The decline in interest rates through 2021 has been a result of the lingering impacts that the COVID-19 pandemic has had on the economy. The Federal Open Market Committee (FOMC) lowered the federal funds rate in early 2020 in response to the onset of the pandemic. The federal funds rate has not been increased since. The FOMC sets the federal funds rate, the rate at which commercial banks borrow and lend their excess reserves to each other overnight, in an effort to control unemployment and inflation. Given the increase in inflation, it is speculated that the FOMC will once again increase the federal funds rate.

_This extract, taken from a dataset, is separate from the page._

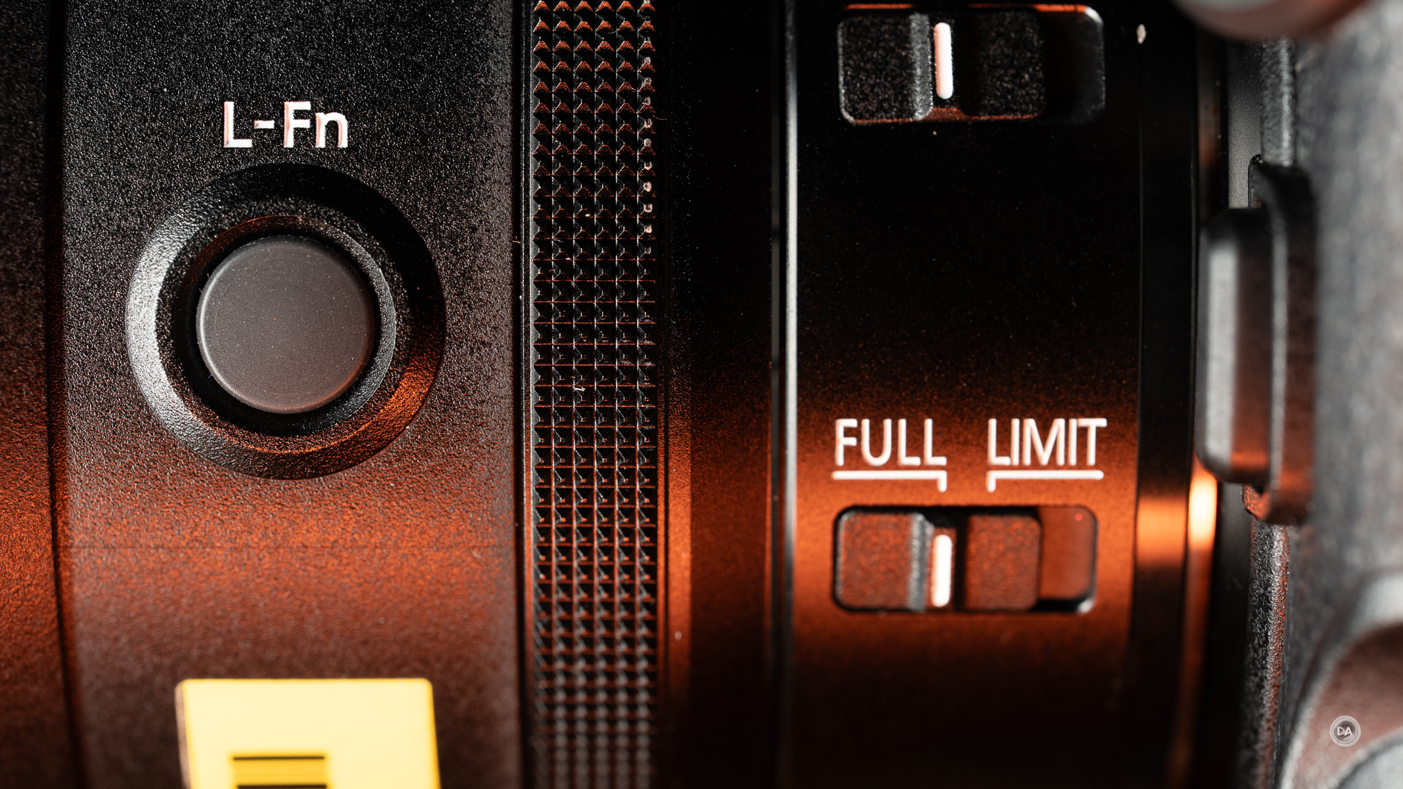 The function for these buttons can be chosen from within the camera body. Also present in this area are a AF | MF switch, and, interestingly, a Focus Limiter.

However, the expectation is for a moderated approach to the increase. While this may cause some concerned for more leveraged borrowers, in the short-term, interest rates appear to be well positioned to stay at the historical lows we currently see. However, in the long-term, the FOMC may take actions that increase interest rates in the foreseeable future.

 

Demand for Loans

 

The Federal Reserve Bank surveys ask agricultural bankers to rate the demand for loans at their institution relative to a year earlier. Respondents report whether the demand for loans is “higher,” “lower,” or the “same.” These responses are summarized by a loan demand index, calculated as the share of lenders reporting “higher” minus those reporting “lower” plus 100. Thus, when the loan demand index is less than 100, the demand for agricultural loans is decreasing. Figure 4 shows that the demand for agricultural loans decreased in 2021 relative to 2020, however, the St. Louis Fed reported a diffusion index of 105 for the third quarter of 2021 which indicates a weak sentiment for stronger demand for agricultural loans. The Chicago Fed reported a diffusion index of 78 which indicates a lower demand for farm loans.

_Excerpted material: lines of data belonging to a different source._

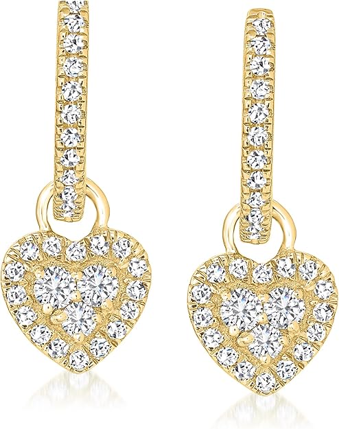 Ross-Simons 0.41 ct. t.w. Diamond Removable Heart Huggie Hoop Drop Earrings in 14kt Yellow Gold
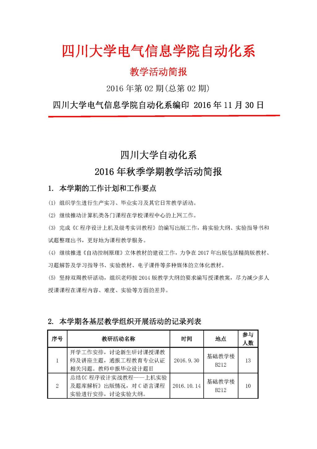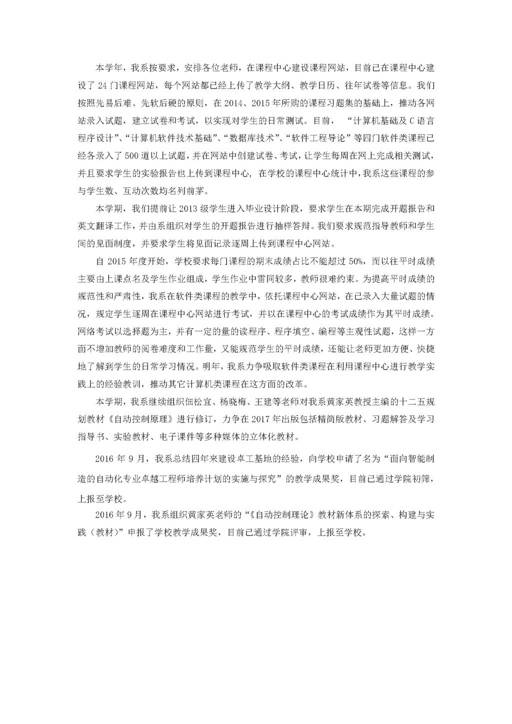 自动化2016年(秋季学期)教学活动简报
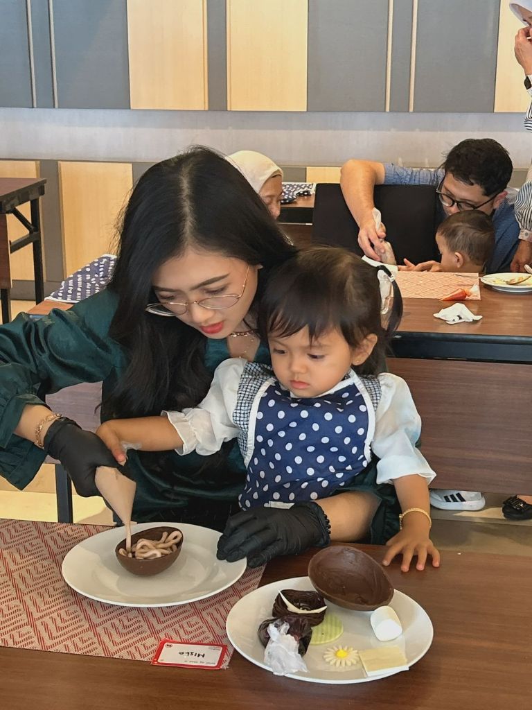 Puncak acara ada pada program Little Chef yang bekerja sama dengan komunitas kreatif. Di sesi ini, anak-anak diajak langsung berkreasi menghias Bunny Pizza Pie bersama pastry chef hotel.
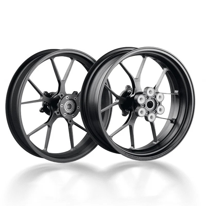 El proceso de fabricación de múltiples pasos de las llantas TITAX comienza con una sola pieza sólida de aluminio aeroespacial de alta calidad. Luego, se utiliza forja a alta presión (30 mil toneladas) para mejorar aún más la estructura del grano. Esta forja de alta presión es la única forma de crear el producto terminado más fuerte y rígido. Los espacios en blanco forjados se mecanizan luego en fresadoras controladas numéricamente por computadora (CNC) para garantizar que las superficies de los cojinetes, etc., sean perfectamente verdaderas. Para la rueda trasera partimos de una pieza de aluminio forjado de 25 kg, para la delantera 15 kg. Cuando finaliza todo el proceso, el peso de la rueda trasera (17 * 5,5) es de 4,6 kg (Moto2 totalmente equipado Tipo 1.01) y la rueda delantera es de solo 2,75 kg (Moto2 totalmente equipado Tipo 1.01)!! En total, ofrece un ahorro de peso de más de 3,8 - 7,2 kg en comparación con las ruedas OEM según el modelo. El peso de carga de las ruedas estáticas en la rueda delantera es de 295 kg, en la rueda trasera de 375 kg. Está disponible en estos colores plata, negro, dorado, rojo, azul, verde, naranja, blanco, titanio y antracita.

Figure 4 Demand for Agricultural Loans, 2015Q1-2021Q3

Figure 4 Demand for Agricultural Loans, 2015Q1-2021Q3

 

It should be noted that agricultural banks are well positioned for an increase in loan demand as agricultural lenders are reporting a higher amount of available funds to loan than in previous years. The similarly constructed funds availability index for both Federal Reserve Banks is plotted in Figure 5.

 

Figure 5 Availability of Funds at Agricultural Banks, 2015Q1 ­­- 2021Q3

Figure 5 Availability of Funds at Agricultural Banks, 2015Q1 ­­- 2021Q3

 

Non-Performing Loans

Farmers’ rate of loan repayment declined in 2021, a reversal of a positive trend that began in 2013. The index is similarly constructed based on lenders reported repayment rates relative to the same quarter of the previous year. Given that the loan repayment rate indexes for both Chicago and St. Louis Fed surveys is above 100, the indexes suggest that farmers were able to pay off a smaller portion of their debt. Loan repayment rates are the worse they have been over the past seven years.  This suggests that repayment rates may be slowing across the region and should provide some caution for the agricultural finance sector.

 

Figure 6 Loan Repayment Index, 2105Q1 - 2021Q3

Figure 6 Loan Repayment Index, 2105Q1 – 2021Q3

 

Overall, the agricultural credit market is riding several positive trends into 2022. Farmers are likely optimistic that interest rates will remain at or near all-time lows, which supports the acquisition of new capital assets. If farm loan demand increases, banks appear to have a sufficient stockpile of funds available to loan. However, there are some negatives at the moment as bankers are reporting higher rates of non-payment from farmers. This would indicate that the liquidity positions of farmers may be deteriorating as they have less cash on hand to pay off current debts.  Over the past several years, there have been high levels of uncertainty in the agricultural commodity markets due to the COVID-19 pandemic, political disputes, and supply chain issues. While these are expected to continue at least in the near future, the agricultural credit sector does not have as many concerns. Deteriorating liquidity among farmers and uncertain Fed policy are key drivers to how 2022 will shape the farmers and banks balance sheet alike.

 

References

Oppedahl, D. (2021) “Farmland Values and Credit ConditionsAgLetter No. 1990, Federal Reserve Bank of Chicago.

Federal Reserve Bank of Kansas City (2021) “Ag Finance Updates” Third Quarter Federal Reserve District Ag Credit Surveys.